She was singing to herself as she cleaned, she had emptied the fridges of their bottles and was wiping the shelves. She was listening to the Richard Hawley album Lowedges. It was a present from one her colleagues; Mark.

“He’s one of yours isn’t he?” He’d said referring to the fact Richard Hawley like her was from Sheffield. His slight surliness not hiding that he clearly had a thing for her, he’d bought her the CD after all, he didn’t own it himself; he’d just downloaded onto his IPod. He’d tried to explain the process to her, to convince her she should buy an MP3 player. 

“I’m 34 and a northerner Mark, it doesn’t mean I’m thick. Don’t patronise me. I’ve got other things to spend my money on, not least; rent.’

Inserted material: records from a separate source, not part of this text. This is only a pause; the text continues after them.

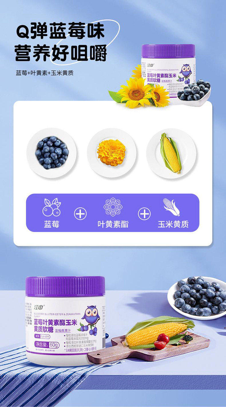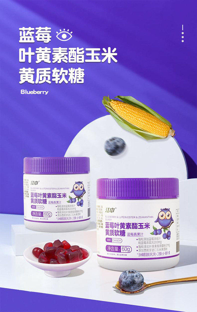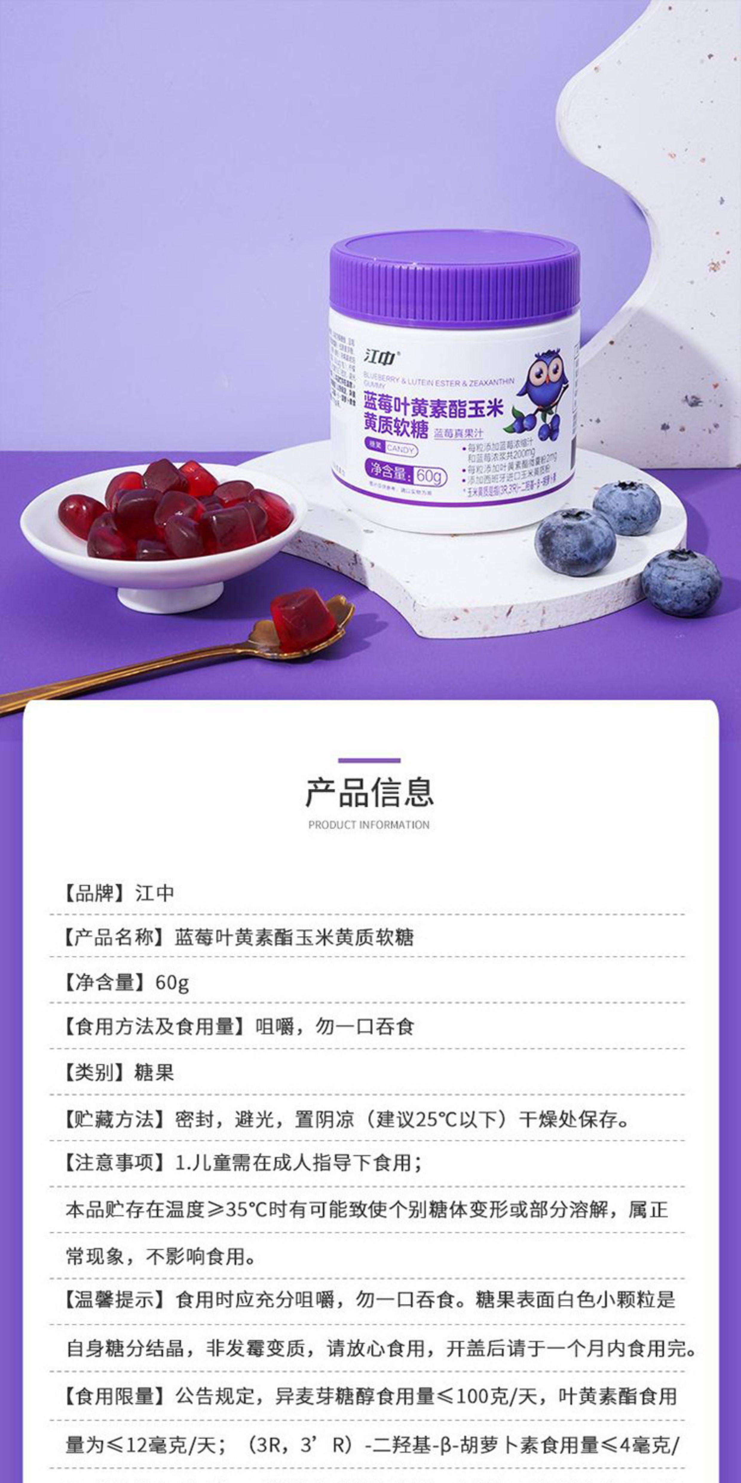 Jiangzhong Blueberry Lutein Ester Zeaxanthin Gummies for Kidsren and Adolescents Eye Nutrition to Relieve Eye Fatigue Genuine Product
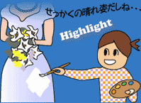 | こちらは本番の撮影でうまく撮れなかったとき、パソコンのレタッチソフト上できれいに補正しちゃおうというレタッチお助け隊。Let'sフォト美の妹である私、フォト絵が担当します。どうぞよろしくね!さて、「デジカメ機能撮影」ではバッチリ成功したようですが、フォト美ったらその後の二次会では気がゆるんだようであまりうまく撮れなかったみたい...。そこで私がレタッチ術でお助けすることに。 | ||
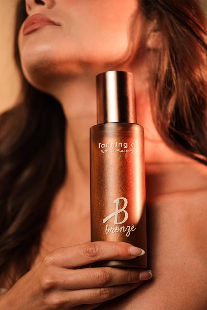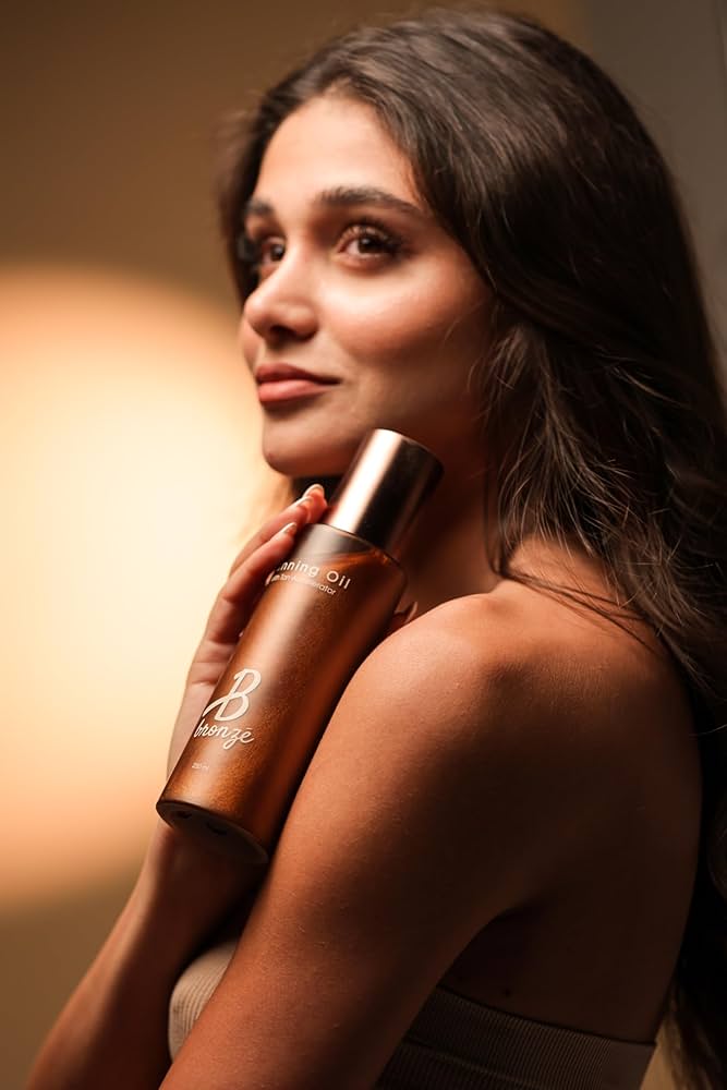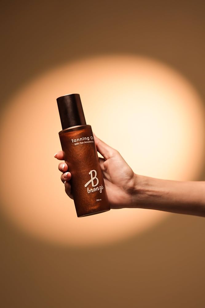 زيت التسمير الداكن “بي برونز” مُسرّع للسمرة الداكنة بزيت جوز الهند وزيت الجزر وماء جوز الهند نباتي، خالٍ من القسوة، خالٍ من الأوكسي بنزون، ومقاوم للماء مثالي لإشراقة سريعة وعميقة وطبيعية .
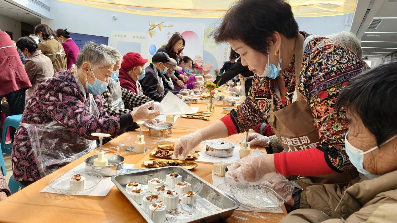 活动的一大亮点是“手作重阳糕”环节。重阳糕有着“步步高升”“百事俱高”的吉祥寓意,社区为老人们准备了丰富的食材和用具,大家兴致勃勃地揉面、填馅、脱模……一步步制作重阳糕,“不能这么做,压模一定要用力,不然很难成形。”社区居民张奶奶做的又快又好的同时,自觉担任起了业务指导,认真指导起旁边居民阿姨的操作步骤,在体验手工乐趣的同时,浓浓的邻里情谊也融入其中。
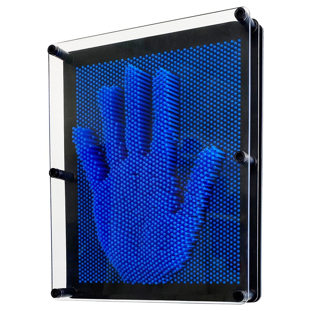 Осуществить мечту и хотя бы на один вечер стать скульптором или архитектором поможет развивающая игрушка Pinart, или как ее называют по-другому, экспресс-скульптор. Благодаря уникальной технологии экспресс-скульптора на его поверхности можно создать любой рисунок или даже сделать слепок рук или лица. Пинарт представляет собой пластину с большим количеством пластиковых стержней, при воздействии на которые получаются объемные фигуры. Чтобы создать слепок руки, держите пинарт в горизонтальном положении, надавите пальцами на стержни и переверните игрушку вертикально – так у вас появится объемный узор. Чтобы сделать новую фигуру, еще раз поверните пинарт горизонтально, тогда стержни упадут.
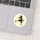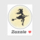Image of a witch silhouette riding a broomstick in front of a glowing moon.  The witch has long hair blowing in the wind, a pointed witch's hat, dressed in a skirt and high heel shoes.
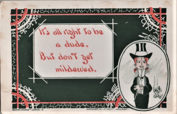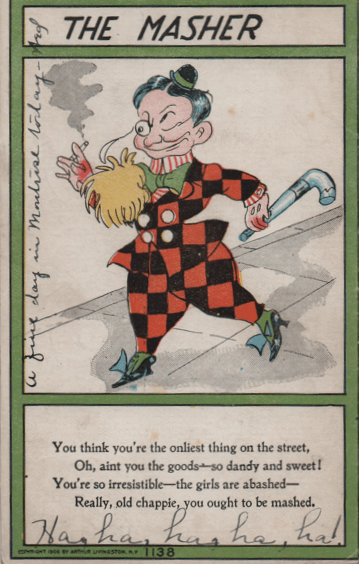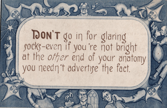 Postcard cartoonists in days of yore held strong opinions, or anyway expressed strong opinions, about clothes. They were cartoonists, after all, and whether clothes make the man or vice versa, they found clothes a very easy way to establish character. The way a character was clothed told you what the cartoonist wanted you to think about him. We are, as I think I have hinted in those last few sentences, going to look at how men dressed in postcards, as women’s dress had to carry a variety of messages, from what the cartoonist thought of some new fashion to whether we were expected to take the postcard home and pin it up somewhere the ladies of the house wouldn’t look
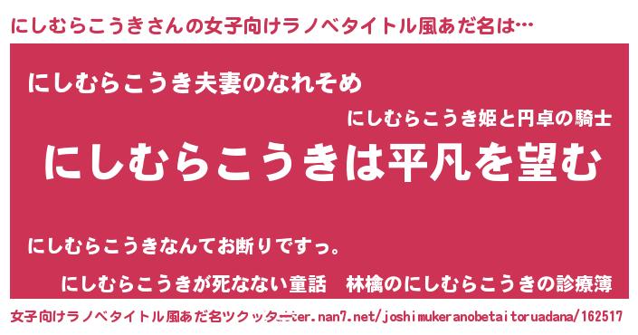 | 男性向けラノベタイトル風あだ名 | 『ダンジョンににしむらこうきを求めるのは間違っているだろうか』 |
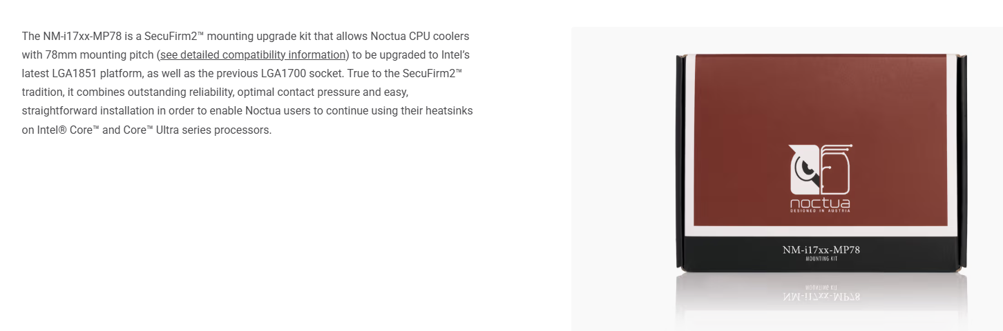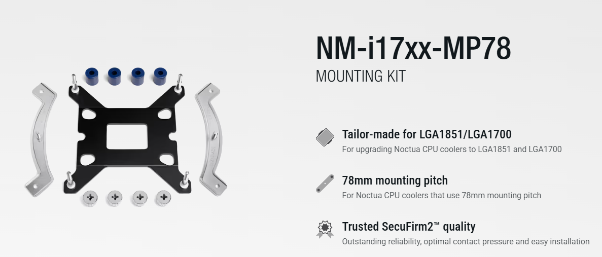 Ký hiệu MP78 có nghĩa là bộ ngàm này dành cho các tản nhiệt có khoảng cách giữa hai vít bắt cố định là 78mm. Đây là chuẩn phổ biến trên rất nhiều dòng tản nhiệt huyền thoại của Noctua (xem danh sách tương thích bên dưới).
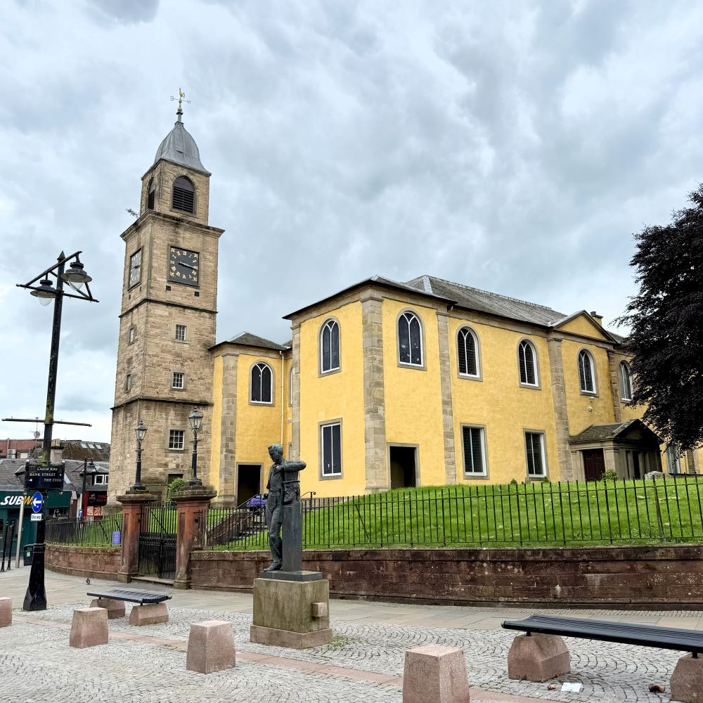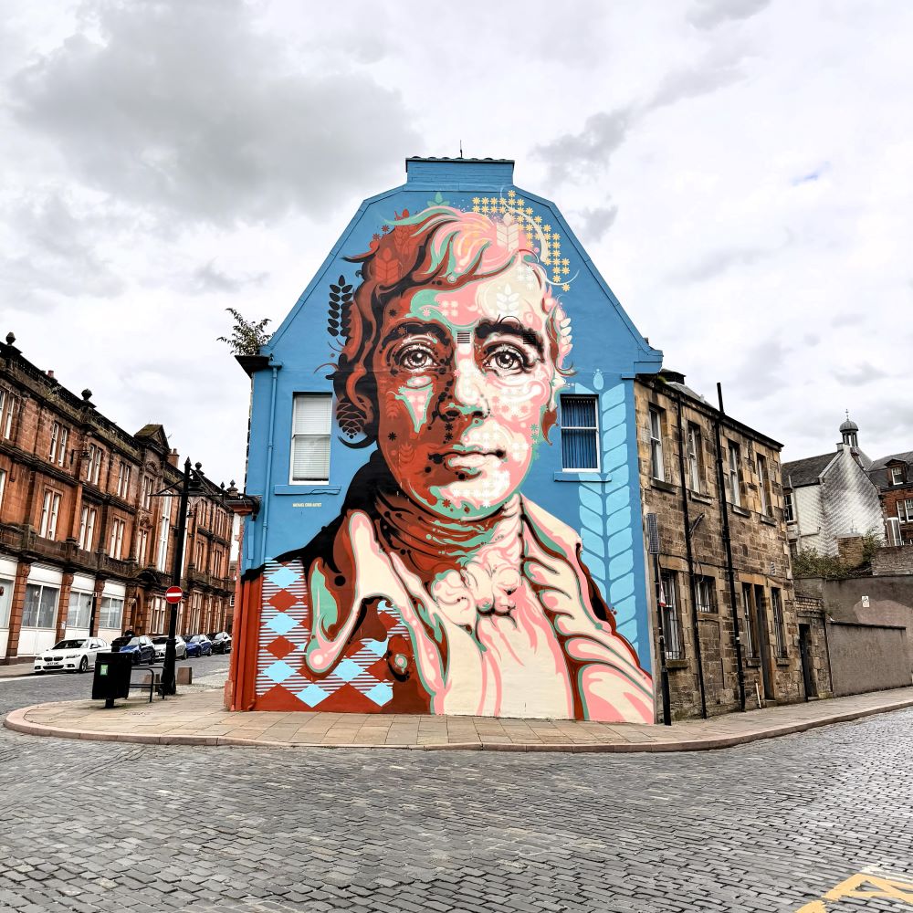Ich bewegte mich zunächst durch den historischen Kern der im 14. Jahrhundert erstmals urkundlich erwähnten Stadt und stolperte dabei zwangsläufig über zwei große Namen. Der erste war der Whiskyfabrikant Johnnie Walker (* 1805; † 1857). Seine gleichnamige Marke ist wahrscheinlich in 96 % der Bars auf diesem Planeten hinter der Theke zu finden. Allerdings gehört sie heutzutage zum Großkonzern Diageo und der hat 2012 das Stammhaus in Kilmarnock gegen alle Widerstände dicht gemacht.
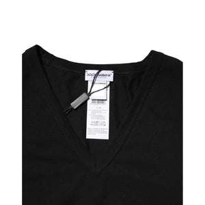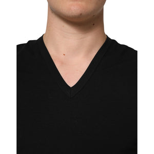 Dolce & Gabbana Black Cotton Slim Fit Men V-Neck Shirt T-shirt
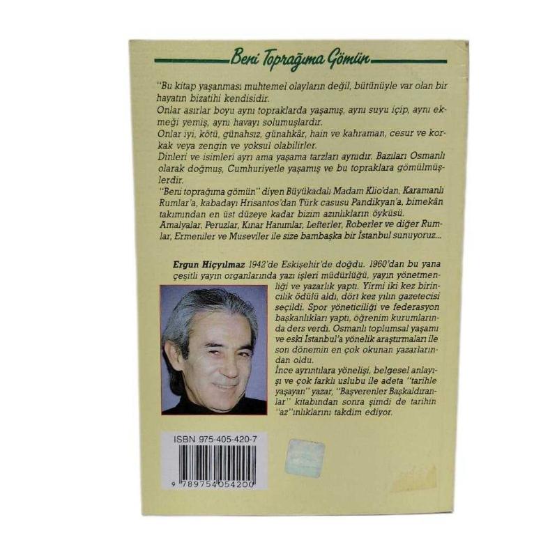 Asırlar boyu aynı topraklarda yaşamış, aynı suyu içip aynı ekmeği yemiş ve aynı havayı solumuşlardı. İyi ve kötü, günahsız ve günahkâr, hain ve kahraman, cesur ve korkak, bilgili ve cahil, zengin ve yoksuldular. Bazen devletin en üst katında makam sahibi, bazen çıkmaz sokağın numarasız bir evinin sakiniydiler. Dinleri, dilleri ve isimleri ayrı ama hayat tarzları aynıydı. Onlar azdı, azınlıktı; bazıları Osmanlı olarak doğmuş, Türk olarak yaşamış ve ölmüştü. Rum, Ermeni veya Museviydiler... Gayrimüslim olmalarının dışında bizden farklı değildiler aslında. Aynı sıralarda dirsek çürüttüğümüz, aynı kışlalarda beraber nöbet tuttuğumuz, aynı heyecanla sevgiler ve sevdalar paylaştığımız onlardı. Ergun Hiçyılmaz, Beni Toprağıma Gömünde işte o ötekilerin dramlarına tutuyor fenerini. Ne karalamayı amaç edinip, düşmanlığı körüklüyor, ne de yersiz ve abartılmış bakışla övgüler yağdırıyor kahramanlarına. Olduğu gibi, bu toprakların insanlarını anlatan bir kitap sunuyor okuyucusuna. Yaşanan onca acıdan sonra, sevgi ve saygı dolu bir dünyanın paylaşımına birer demet çiçek olsun ve dostluğa çağrıda bulunsun diye
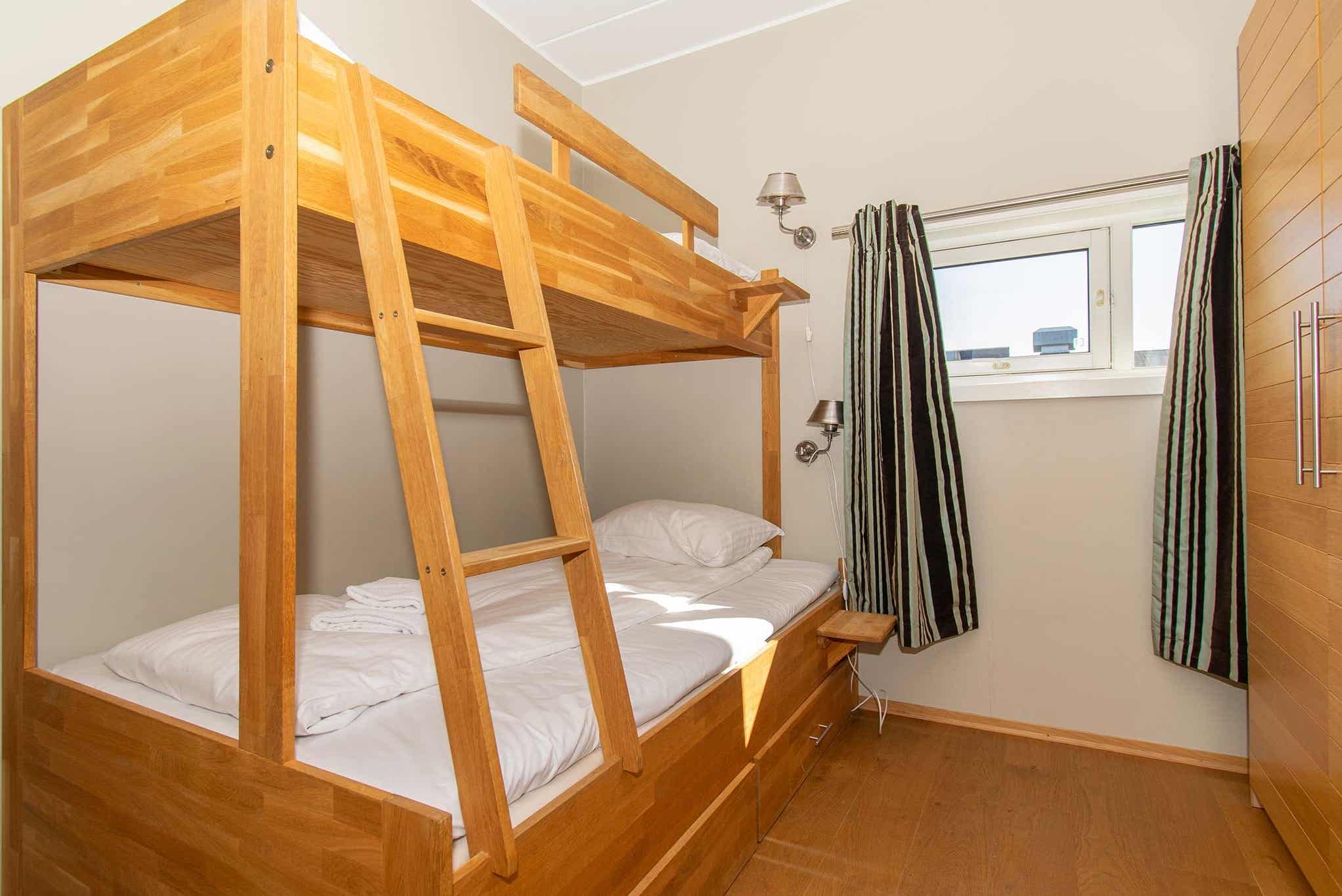 Slaapkamers:Slaapkamer 1= 1 tweepersoonsbed 180 cm breed. Slaapkamer 2= 1 tweepersoonsbed 180 cm breed, slaapbank. Slaapkamer 3= 1 stapelbed met 120 cm breed onderbed. Slaapkamer 4= 1 stapelbed met 120 cm breed onderbed.
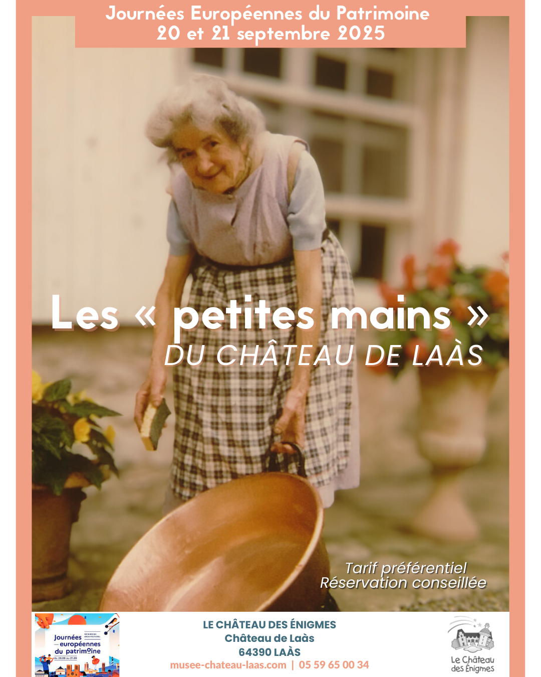 À l’occasion des Journées Européennes du Patrimoine 2025, le Musée du Château de Laàs met à l’honneur ses « petites mains ». À travers une collection inédite de photographies, découvrez le quotidien de Jeanne, Rémy et Louis, respectivement gouvernante, menuisier et jardinier du couple Serbat.

She’d let him seduce her though. She liked him and she was lonely. She was living in ‘shared accommodation’ for the first time in her life, the Victorian properties with sloping floors and skewiff window ledges. She lived with other ‘young professionals’ a term that’d made her bark with laughter when she’d heard it. She didn’t see much of her flatmates and they didn’t seem to spend much time with each other. She was close to one girl, Lucille, a postgraduate student from South America who was close to her age.

 

“Why did you move to London?”

 

She’d whistled softly, thinking of her reply.

 

“That’s a big question; I guess I’ve always wanted to see it. To live somewhere different and well to get away from my life, it was bringing me down in Sheffield.”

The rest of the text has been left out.